I used the same directory for Configuration and Module artifacts so no need to migrate those. Keep in mind if you are moving stuff to a new server or to a farm that you need to move these items as well (potentially to some shared location in case of an HA setup).
Let’s check the LCM again.
Great! We now have out new Pull Server operational!

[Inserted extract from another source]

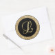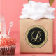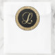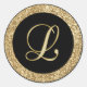 Monogram L goldenes Skript auf schwarzem Hintergrund mit goldenem kreisförmigem Hintergrund.
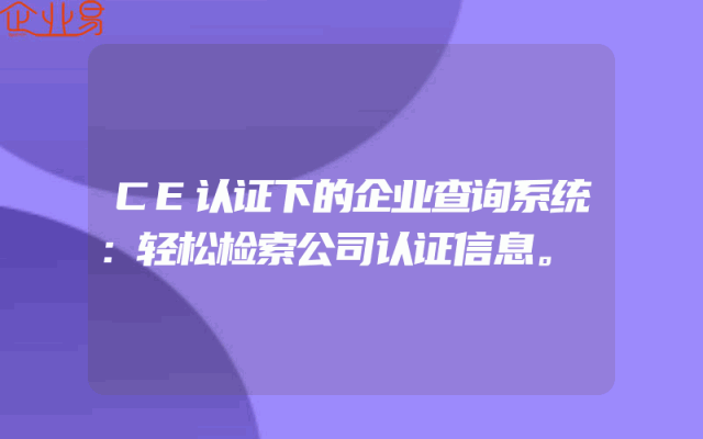 - CE认证下的企业查询系统:轻松检索公司认证信息。

Finally let’s move over the status reports:
# see impact
Copy-DSCPullServerAdminData -Connection1 $edb -Connection2 $sql -ObjectsToMigrate StatusReports -WhatIf
# migrate data
Copy-DSCPullServerAdminData -Connection1 $edb -Connection2 $sql -ObjectsToMigrate StatusReports
# get data from sql
Get-DSCPullServerAdminStatusReport -Connection $sql
And see we could also use the Pull Server Rest API to get the data returned.
On the Managed node run:
$agentId = (Get-DscLocalConfigurationManager).AgentId
$irmArgs = @{
Uri = "http://pullserver:8080/PSDSCPullServer.svc/Nodes(AgentId = '$agentId')/Reports"
Headers = @{
Accept = 'application/json'
ProtocolVersion = '2.0'
}
UseBasicParsing = $true
}
$reports = (Invoke-RestMethod @irmArgs).value
$reports[0]
As you can see, this still works.
That is it for this post. To be continued!